One-step anatomic and function testing by cardiac CT versus second-line functional testing in symptomatic patients with coronary artery stenosis: head-to-head comparison of CT-derived fractional flow reserve and myocardial perfusion imaging.

AIMS CT-QFR is a novel coronary computed tomography angiography (CTA) based method for on-site evaluation of patients with suspected obstructive coronary artery disease (CAD). We compared the diagnostic performance of CT-QFR with myocardial perfusion scintigraphy (MPS) and cardiovascular magnetic resonance (CMR) as second-line tests in patients with suspected obstructive CAD after coronary CTA. METHODS AND RESULTS Paired analysis of CT-QFR and MPS or CMR, with an invasive FFR-based classification as reference standard.
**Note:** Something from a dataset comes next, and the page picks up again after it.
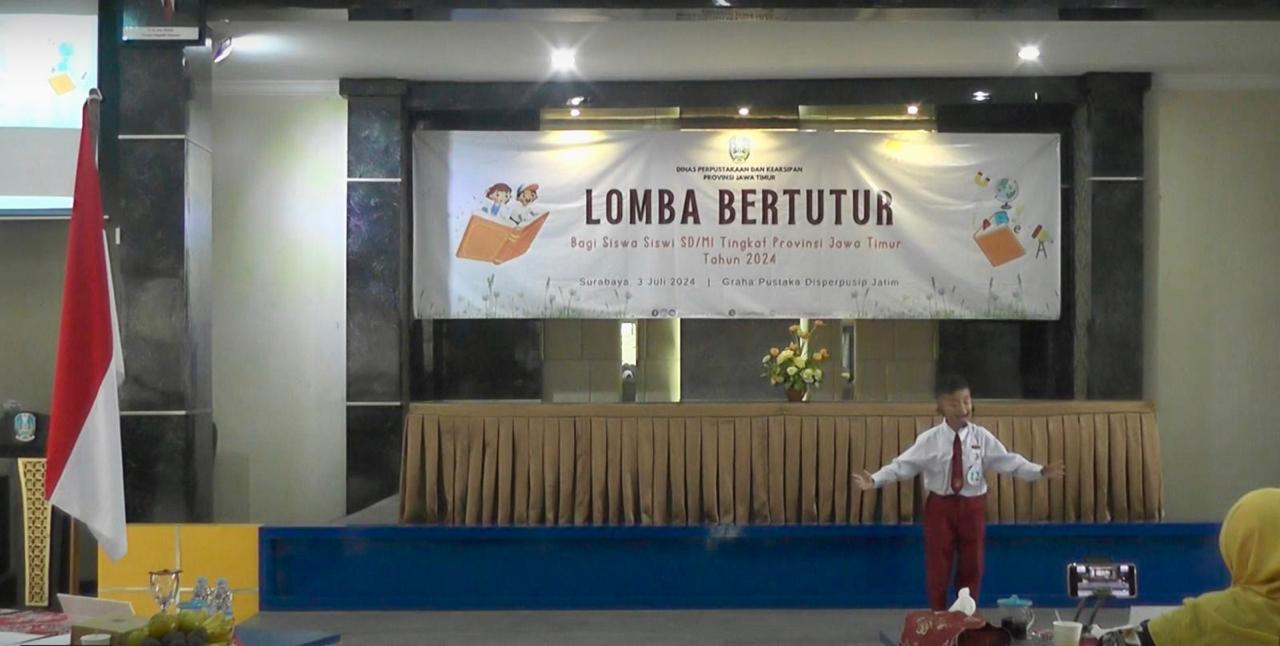 SURABAYA|ARTIK.ID - Dinas Perpustakaan dan Kearsipan (Disperpusip) Jatim menggelar lomba bertutur tingkat provinsi Jawa Timur. Acara yang diikuti sebanyak 25 siswa setingkat Sekolah Dasar (SD)/Madrasyah Ibtidaiyah (MI) se Jatim itu digelar di Ruang Graha Pustaka, Kantor Disperpusip Jatim, Jl. Menur Pumpungan 32 Surabaya, Rabu(3/7/2024).

Symptomatic patients with >50% diameter stenosis on coronary CTA were randomized to MPS or CMR and referred for invasive coronary angiography. The rate of coronary CTA not feasible for CT-QFR analysis was 17%. Paired patient-level data were available for 118 patients in the MPS group and 113 in the CMR group, respectively. Patient-level diagnostic accuracy was better for CT-QFR than for both MPS ((82.2% (95%CI 75.2-89.2) vs. 70.3% (95%CI 62.0-78.7), p=0.029) and CMR ((77.0% (95%CI 69.1-84.9) vs. 65.5% (95%CI 56.6-74.4), p=0.047). Following a positive coronary CTA and with the intention-to diagnose, CT-QFR, CMR and MPS were equally suitable as rule-in and rule-out modalities. CONCLUSIONS The diagnostic performance of CT-QFR as second-line test was at least similar to MPS and CMR for the evaluation of obstructive coronary artery disease in symptomatic patients presenting with ≥50% diameter stenosis on coronary CTA.